%%

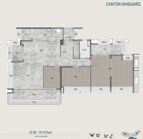 最后是建面约195㎡的四空间两厅三卫户型,名为江幕,这个户型是项目的高端大平层户型,定位为江景豪宅,能满足高端改善群体的居住需求。该户型的设计更加注重舒适度和私密性,空间开阔大气,布局合理,每一个细节都透露着高端与精致。超大的瞰江阳台,能让业主全方位欣赏到珠江的壮美景色,270°的观景视野,将江景尽收眼底;多套房设计,配备独立的卫生间和衣帽间,能满足家庭成员的个性化需求,同时也能彰显主人的尊崇身份;一体化的客厅和餐厅,空间开阔,适合举办高端聚会和商务宴请,让业主在自家就能享受高端的社交体验。
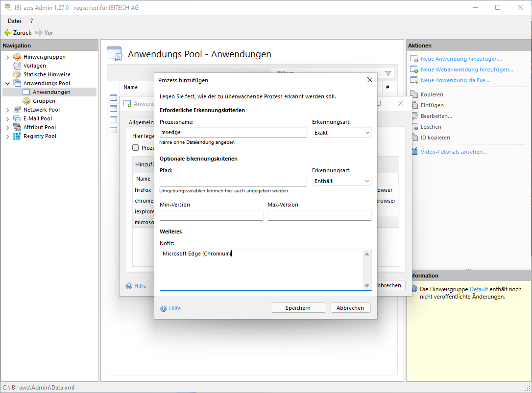 Prozess hinzufügen/bearbeiten
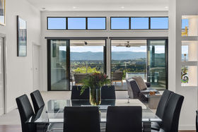 Inside, the home unfolds into a magnificent open-plan living, dining and kitchen precinct, where soaring 4.2 metre ceilings draw in natural light and showcase the views in all their splendour.
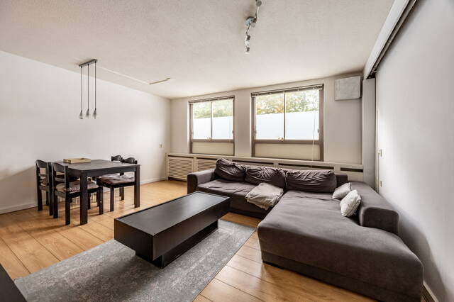 De lichte woonkamer van ca. 25 m² ligt aan de voorzijde en biedt ruimte voor zowel een zit- als eethoek. De grote ramen zorgen voor prettig daglicht.
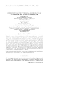 Kurutzné, Kovács Márta and Fornet, Béla and Gálos, Miklós and Tornyos, Árpád and Szabadszállási, Tibor (2006) Experimental and numerical biomechanical analysis of human lumbar spine. JOURNAL OF COMPUTATIONAL AND APPLIED MECHANICS, 7 (1). pp. 23-39. ISSN 1586-2070
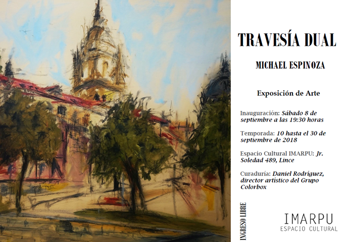 El sábado 8 de septiembre se inaugura “TRAVESÍA DUAL”, primera exposición individual el artista plástico Michael Espinoza, graduado en Bellas Artes y Máster en estudios avanzados de Historia del Arte por la Universidad de Salamanca, España.
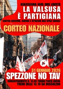 Come Torino, anche la Valsusa è partigiana: lo è per storia, memoria e pratica quotidiana di resistenza. Il 31 gennaio saremo in piazza con determinazione e rabbia, contro il governo, contro la guerra e contro l’attacco agli spazi sociali. La Val di Susa, partigiana ieri come oggi, porterà per le strade della città la sua storia di lotta: una valle che non si piega, che difende la terra e la libertà con la forza di chi sa da che parte stare.
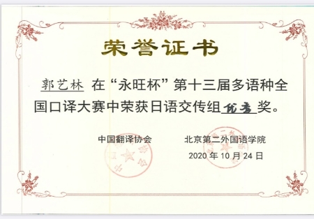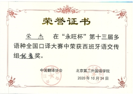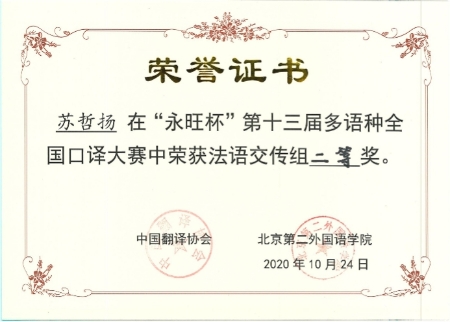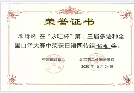 2020年10月24日,第十三届“永旺杯”多语种全国口译大赛落下帷幕。beat365法语专业苏哲扬同学获得法语交传组组亚军(二等奖第一名),日语专业唐婧娆同学、郭艺林同学分别获得日语同传组和交传组优秀奖,西语专业荣杰同学获得西语交传组优秀奖。

%%

* Directions for this task
Set down the entries above word for word, but drop any image.

* Task answer
 最后是建面约195㎡的四空间两厅三卫户型,名为江幕,这个户型是项目的高端大平层户型,定位为江景豪宅,能满足高端改善群体的居住需求。该户型的设计更加注重舒适度和私密性,空间开阔大气,布局合理,每一个细节都透露着高端与精致。超大的瞰江阳台,能让业主全方位欣赏到珠江的壮美景色,270°的观景视野,将江景尽收眼底;多套房设计,配备独立的卫生间和衣帽间,能满足家庭成员的个性化需求,同时也能彰显主人的尊崇身份;一体化的客厅和餐厅,空间开阔,适合举办高端聚会和商务宴请,让业主在自家就能享受高端的社交体验。
 Prozess hinzufügen/bearbeiten
 Inside, the home unfolds into a magnificent open-plan living, dining and kitchen precinct, where soaring 4.2 metre ceilings draw in natural light and showcase the views in all their splendour.
 De lichte woonkamer van ca. 25 m² ligt aan de voorzijde en biedt ruimte voor zowel een zit- als eethoek. De grote ramen zorgen voor prettig daglicht.
 Kurutzné, Kovács Márta and Fornet, Béla and Gálos, Miklós and Tornyos, Árpád and Szabadszállási, Tibor (2006) Experimental and numerical biomechanical analysis of human lumbar spine. JOURNAL OF COMPUTATIONAL AND APPLIED MECHANICS, 7 (1). pp. 23-39. ISSN 1586-2070
 El sábado 8 de septiembre se inaugura “TRAVESÍA DUAL”, primera exposición individual el artista plástico Michael Espinoza, graduado en Bellas Artes y Máster en estudios avanzados de Historia del Arte por la Universidad de Salamanca, España.
 Come Torino, anche la Valsusa è partigiana: lo è per storia, memoria e pratica quotidiana di resistenza. Il 31 gennaio saremo in piazza con determinazione e rabbia, contro il governo, contro la guerra e contro l’attacco agli spazi sociali. La Val di Susa, partigiana ieri come oggi, porterà per le strade della città la sua storia di lotta: una valle che non si piega, che difende la terra e la libertà con la forza di chi sa da che parte stare.
 2020年10月24日,第十三届“永旺杯”多语种全国口译大赛落下帷幕。beat365法语专业苏哲扬同学获得法语交传组组亚军(二等奖第一名),日语专业唐婧娆同学、郭艺林同学分别获得日语同传组和交传组优秀奖,西语专业荣杰同学获得西语交传组优秀奖。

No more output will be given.